“God, save me!” I cried as I fell to my knees in the middle of my dusty garage. Seventeen, I knelt on the ground, crying and pleading, not realizing I was experiencing the work of the Holy Spirit. I had hit rock bottom, literally, in the consequences of my bad choices. Looking back, I can see that.
Growing up, I was aware of God, though I didn’t see Him in my life. Some of my earliest memories include seeing my mother baptized and attending my babysitter’s church. Labeling my family religious or Christian would be a stretch. My mother taught me about God in practical ways and had a profound impact as I witnessed her praying at her bedside every morning. However, other than praying at breakfast and reciting the prayer, “Now, I lay me down to sleep,” I did not understand the power of prayer or have a personal relationship with God.
In addition to my mother, my grandmother and aunt were vital in my upbringing. However, my father was not around. I had many interactions with my dad during my early childhood, but the damage of infidelity and sin plagued my parents’ relationship. They found themselves in a vicious cycle of break-up and make-up. Eventually, my dad married again. Sadly, I got caught in the middle. My relationship with him became a casualty of their warfare. He and his new wife began to build their family, while I became a shadow of his past. Instead of time with him, I received broken and empty promises. Every so often I would be invited to his house, but that stopped when I was about eight years old.
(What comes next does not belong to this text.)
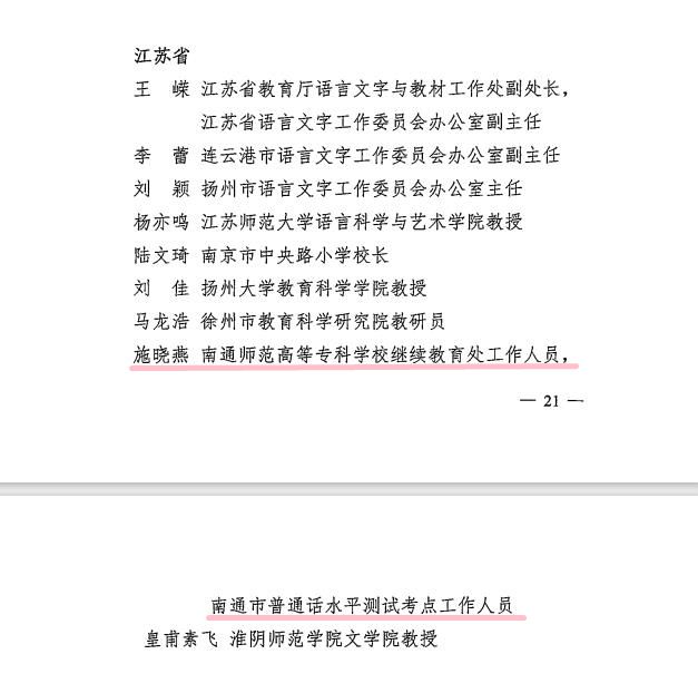 我校继续教育管理处施晓燕同志作为南通唯一人选荣获国家通用语言文字推广普及先进个人。

Suddenly, my father told me, “My wife is uncomfortable with you,” and I was no longer welcome in their home.
Despite the broken relationship with my dad, I continued to function in what I would call a healthy way. I excelled academically and in extracurricular activities. I had friendships with everyone, but I was unable to commit to any one group. When I turned sixteen, my behavior reflected the effects of growing up without a father. The lyrics to my favorite song, “No Daddy” by Teairra Mari: “I ain’t had no daddy around when I was growing up; that’s why I’m wild, and I don’t give . . . ” This song was relevant, and became my anthem and excuse for my behavior.
I became angry, wild, and rebellious as a broken teenager searching for love in all the wrong places. I searched for love in unhealthy relationships, sports, and eventually harmful substances to temporarily fill the painful void in my heart. Not knowing that I could not find what I looked for in these ways. I experienced mood swings, going from a state of emotional satisfaction to volatile anger and self-loathing. I struggled with the fact that I looked just like my father and that my mother called me a “daddy’s girl.” A daddy’s girl, I thought to myself. He does not want anything to do with me.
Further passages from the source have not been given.